SOURCE DATA:
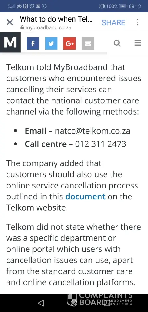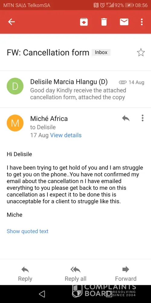 Attached you will find the statement from August 2017, the cancellation form, a new cancellation form, emails that we have sent on various dates, to date no response from Telkom. Whenever we contact Telkom they tell us that they have not received the device from Westgate branch. The manager, Ruben Kgopleng has assured us that he has sent though the necessary documentations.
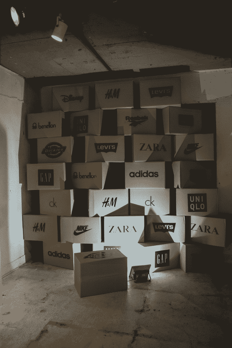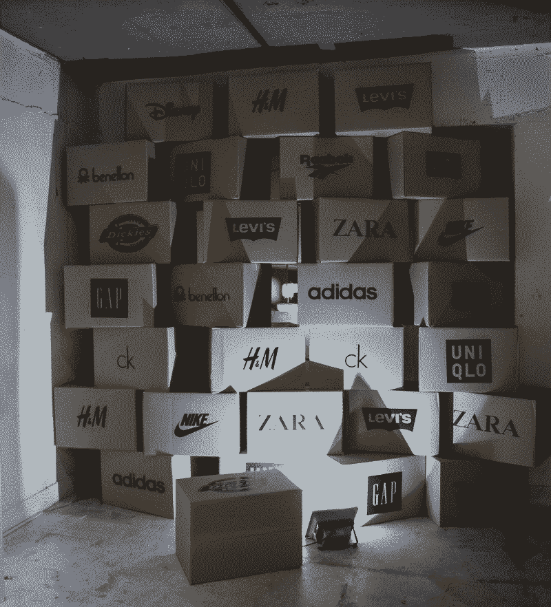 Origin is an installation that examines the invisible structures sustaining global fast fashion. A wall made of boxes marked with familiar SPA brand logos stands as a symbol of mass production and consumption. Behind this wall, a single sewing machine flickers every five seconds, emitting light and mechanical noise. The rhythmic pulse evokes both the persistence and exhaustion of industrial labor—revealing the distance between the polished surface of consumer goods and the human effort that sustains them. Through this contrast, the work encourages viewers to reconsider what lies beyond the garments they wear.
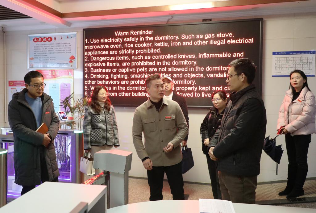 座谈会后,专家组一行在周冰冰及相关部门负责人的陪同下先后实地检查了28栋学生宿舍、宿18栋消控中心、保卫处监控中心、医学院药学实训室、图书馆消控中心、现代教育技术中心实验室、三清山食堂等场所,针对消防安全设施、消防安全通道、消防安全管理台账等进行了详细检查。
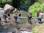 Kerja Sama TNI dan Warga Desa Cahaya Batin Bersihkan Area Jembatan Gantung
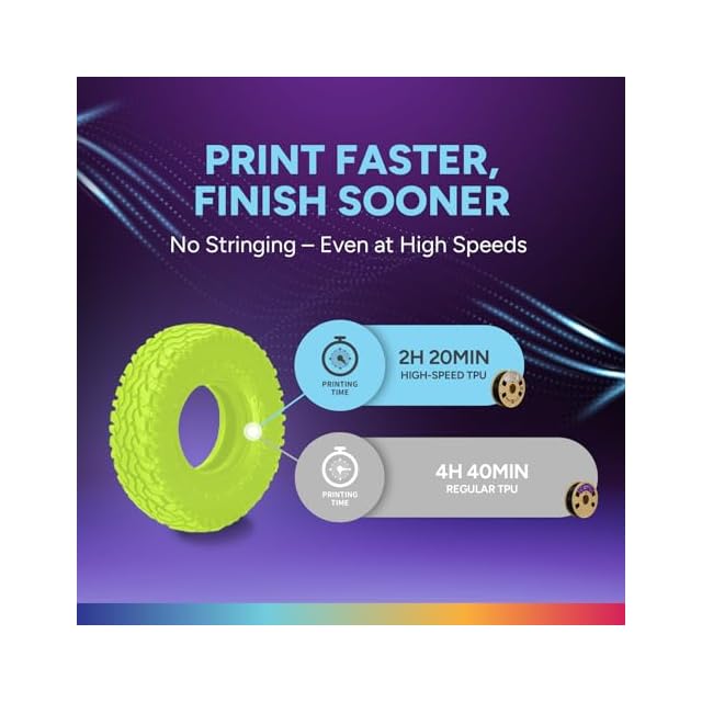 【高速95A TPUフィラメント】 オーバーチャーのハイスピードTPUフィラメントは熱可塑性ポリウレタン(TPU)ベースのフィラメントですが、通常のTPUフィラメントよりも5倍高速に印刷できます。 Shore硬度95Aを特徴とし、オーバーチャーのハイスピードTPUは柔軟性と弾力性の理想的なバランスを実現します。
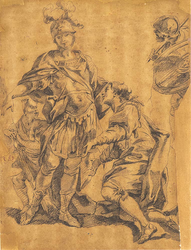 Studio per una scena con due soldati in armature romane e due figure in abiti settecenteschi
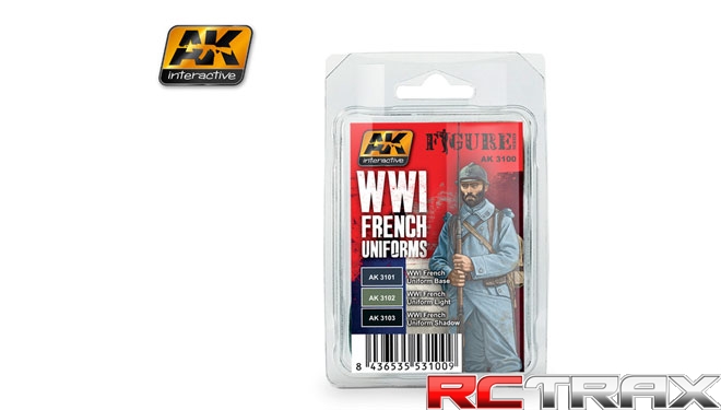 AK-Interactive AK-3100 WWI French Uniforms AK 3100 - zestaw farb akrylowych do malowania francuskich mundurów z okresu I Wojny Światowej.
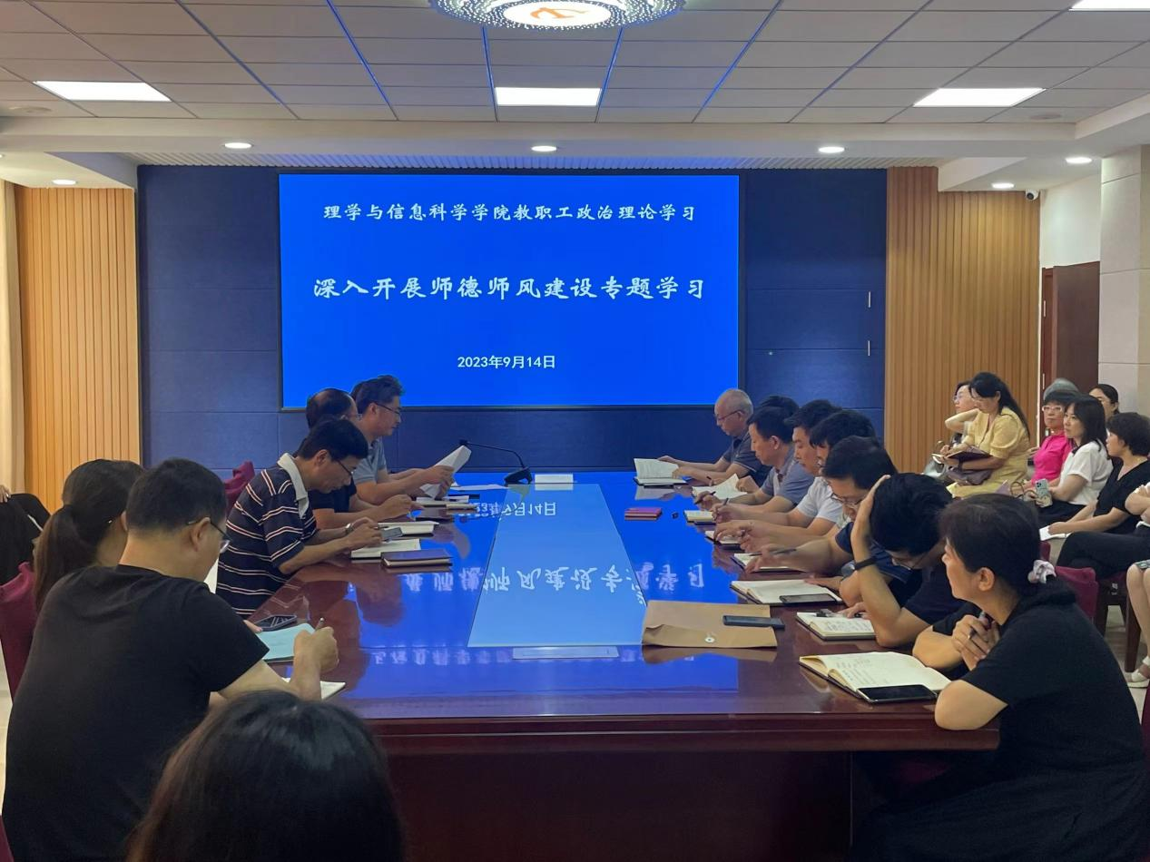为深入学习贯彻习近平新时代中国特色社会主义思想,贯彻学习习近平总书记关于教育的重要论述和指示批示精神,进一步加强师德师风建设,9月14日,理学与信息科学学院开展师德师风建设专题学习,组织教职工在信息楼215集中收看“依法规范执教”师德警示教育片。学院党委书记杨凯,院长徐鹏民,党委副书记、副院长岳斌,副处级组织员陈龙猛,副院长李吉忠、韩仲志、刘振斌及全体教职工参加会议。
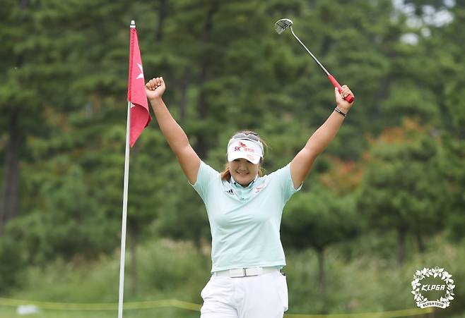 (서울=연합뉴스) 유해란이 26일 안산 대부도 아일랜드CC에서 열린 '엘크루-TV조선 프로 셀러브리티'에서 우승한 뒤 기뻐하고 있다. 2021.9.26
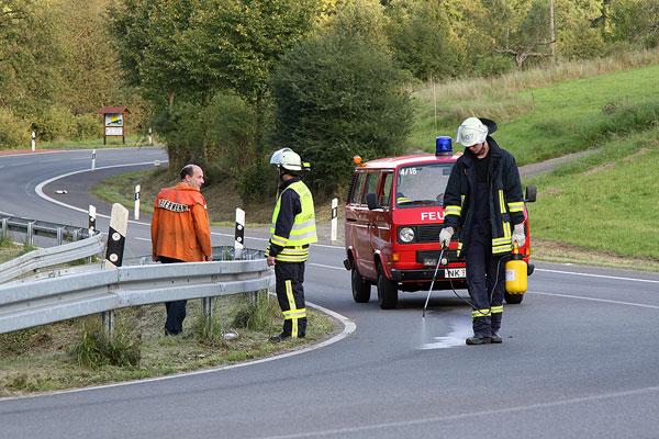 Mit Ölbindemittel wurde die Straße gereinigt und die Gefahr für die Verkehrsteilnehmer beseitigt. Der Einsatz war gegen 19:30 Uhr beendet. Der Verursacher konnte von der Polizei ermittelt werden
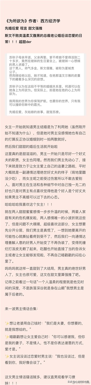 现言先婚后爱小说书单,强推《为所欲为》,甜甜的婚后日常!

TASK ITEM: Exactly as written, give every entry again, but not the pictures.

ANSWER SECTION:
 Attached you will find the statement from August 2017, the cancellation form, a new cancellation form, emails that we have sent on various dates, to date no response from Telkom. Whenever we contact Telkom they tell us that they have not received the device from Westgate branch. The manager, Ruben Kgopleng has assured us that he has sent though the necessary documentations.
 Origin is an installation that examines the invisible structures sustaining global fast fashion. A wall made of boxes marked with familiar SPA brand logos stands as a symbol of mass production and consumption. Behind this wall, a single sewing machine flickers every five seconds, emitting light and mechanical noise. The rhythmic pulse evokes both the persistence and exhaustion of industrial labor—revealing the distance between the polished surface of consumer goods and the human effort that sustains them. Through this contrast, the work encourages viewers to reconsider what lies beyond the garments they wear.
 座谈会后,专家组一行在周冰冰及相关部门负责人的陪同下先后实地检查了28栋学生宿舍、宿18栋消控中心、保卫处监控中心、医学院药学实训室、图书馆消控中心、现代教育技术中心实验室、三清山食堂等场所,针对消防安全设施、消防安全通道、消防安全管理台账等进行了详细检查。
 Kerja Sama TNI dan Warga Desa Cahaya Batin Bersihkan Area Jembatan Gantung
 【高速95A TPUフィラメント】 オーバーチャーのハイスピードTPUフィラメントは熱可塑性ポリウレタン(TPU)ベースのフィラメントですが、通常のTPUフィラメントよりも5倍高速に印刷できます。 Shore硬度95Aを特徴とし、オーバーチャーのハイスピードTPUは柔軟性と弾力性の理想的なバランスを実現します。
 Studio per una scena con due soldati in armature romane e due figure in abiti settecenteschi
 AK-Interactive AK-3100 WWI French Uniforms AK 3100 - zestaw farb akrylowych do malowania francuskich mundurów z okresu I Wojny Światowej.
为深入学习贯彻习近平新时代中国特色社会主义思想,贯彻学习习近平总书记关于教育的重要论述和指示批示精神,进一步加强师德师风建设,9月14日,理学与信息科学学院开展师德师风建设专题学习,组织教职工在信息楼215集中收看“依法规范执教”师德警示教育片。学院党委书记杨凯,院长徐鹏民,党委副书记、副院长岳斌,副处级组织员陈龙猛,副院长李吉忠、韩仲志、刘振斌及全体教职工参加会议。
 (서울=연합뉴스) 유해란이 26일 안산 대부도 아일랜드CC에서 열린 '엘크루-TV조선 프로 셀러브리티'에서 우승한 뒤 기뻐하고 있다. 2021.9.26
 Mit Ölbindemittel wurde die Straße gereinigt und die Gefahr für die Verkehrsteilnehmer beseitigt. Der Einsatz war gegen 19:30 Uhr beendet. Der Verursacher konnte von der Polizei ermittelt werden
 现言先婚后爱小说书单,强推《为所欲为》,甜甜的婚后日常!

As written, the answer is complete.